I found this in tensorflow documentation, but I don't know where to put train_op
or how to work it with keras models:
update_ops = tf.get_collection(tf.GraphKeys.UPDATE_OPS)
with tf.control_dependencies(update_ops):
train_op = optimizer.minimize( loss )
No posts I found say what to do with train_op and whether you can use it in model.compile
.
回答1:
You do not need to manually update the moving mean and variances if you are using the BatchNormalization layer. Keras takes care of updating these parameters during training, and to keep them fixed during testing (by using the model.predict
and model.evaluate
functions, same as with model.fit_generator
and friends).
Keras also keeps track of the learning phase so different codepaths run during training and validation/testing.
回答2:
If you need just update the weights for existing model with some new values then you can do the following:
w = model.get_layer('batchnorm_layer_name').get_weights()
# Order: [gamma, beta, mean, std]
for j in range(len(w[0])):
gamma = w[0][j]
beta = w[1][j]
run_mean = w[2][j]
run_std = w[3][j]
w[2][j] = new_run_mean_value1
w[3][j] = new_run_std_value2
model.get_layer('batchnorm_layer_name').set_weights(w)
回答3:
There are two interpretations of the question: the first is assuming that the goal is to use high level training api and this question was answered by Matias Valdenegro.
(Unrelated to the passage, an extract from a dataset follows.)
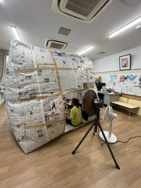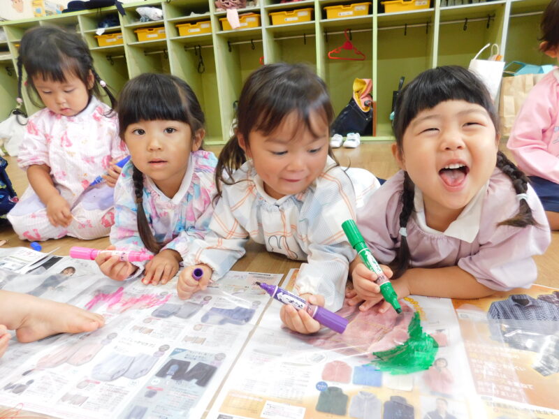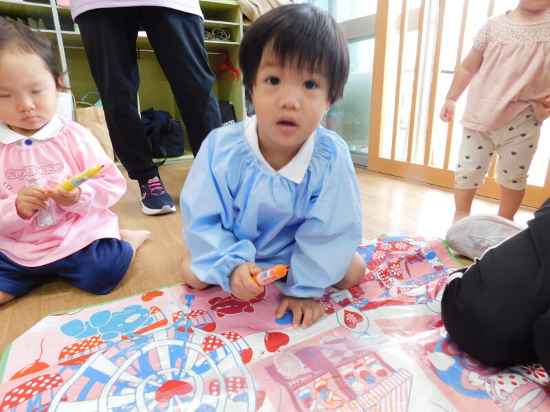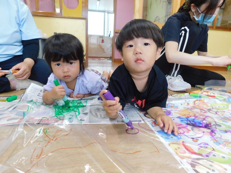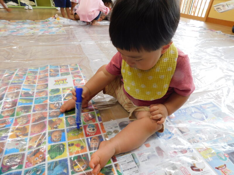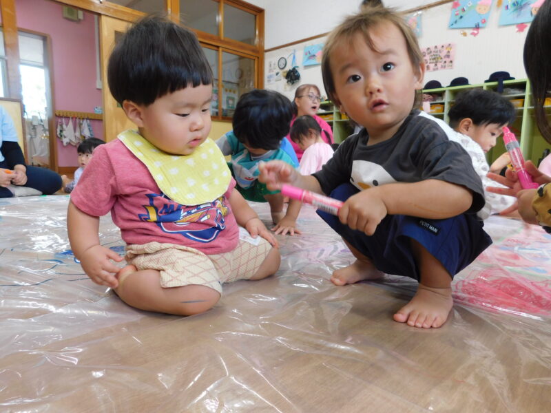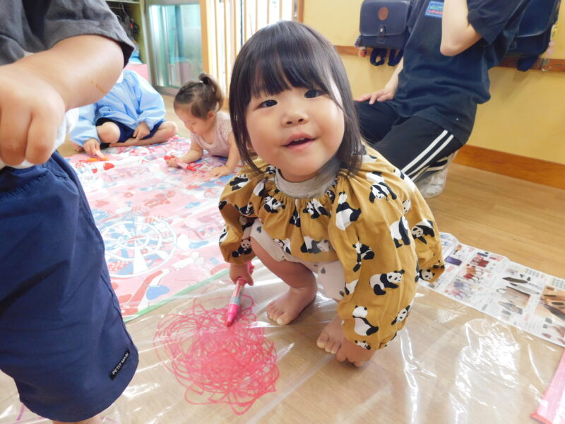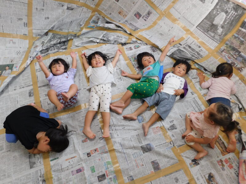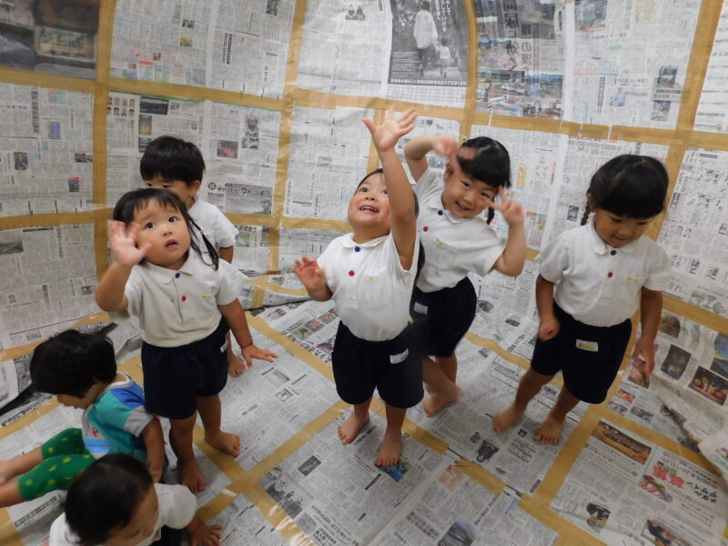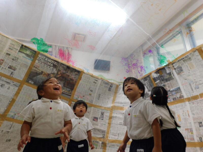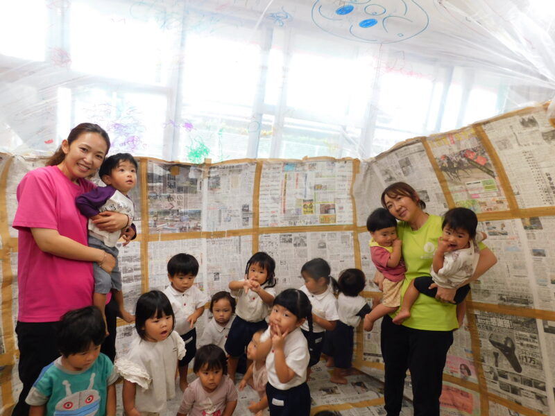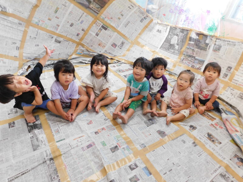 新聞紙ドームで遊んだよ♪ 2025/10/21 蓮華組・沙羅組・無憂華組 ナーサリーさんで新聞紙ドームを作りました☆ ビニールにみんなで絵を描きました。 新聞紙ドームが完成しました!! 新聞紙ドームの中に入ってみました。 天井に自分たちの描いた絵を見つけて嬉しそうです🎵 猪股🐣・長友さ🚗・安達🌼 共有: Facebook で共有するにはクリックしてください (新しいウィンドウで開きます) Facebook クリックして X で共有 (新しいウィンドウで開きます) X いいね:いいね 読み込み中… コメントを残す コメントをキャンセル入力エリアすべてが必須項目です。メールアドレスが公開されることはありません。内容をご確認の上、送信してください。 次回のコメントで使用するためブラウザーに自分の名前、メールアドレス、サイトを保存する。 上に表示された文字を入力してください。 Δ

The second - as discussed in the comments - is whether it is possible to use batch normalization with the standard tensorflow optimizer as discussed here keras a simplified tensorflow interface and the section "Collecting trainable weights and state updates". As mentioned there the update ops are accessible in layer.updates and not in tf.GraphKeys.UPDATE_OPS
, in fact if you have a keras model in tensorflow you can optimize with a standard tensorflow optimizer and batch normalization like this
update_ops = model.updates
with tf.control_dependencies(update_ops):
train_op = optimizer.minimize( loss )
and then use a tensorflow session to fetch the train_op. To distinguish training and evaluation modes of the batch normalization layer you need to feed the learning phase state of the keras engine (see "Different behaviors during training and testing" on the same tutorial page as given above). This would work for example like this
...
# train
lo, _ = tf_sess.run(fetches=[loss, train_step],
feed_dict={tf_batch_data: bd,
tf_batch_labels: bl,
tensorflow.keras.backend.learning_phase(): 1})
...
# eval
lo = tf_sess.run(fetches=[loss],
feed_dict={tf_batch_data: bd,
tf_batch_labels: bl,
tensorflow.keras.backend.learning_phase(): 0})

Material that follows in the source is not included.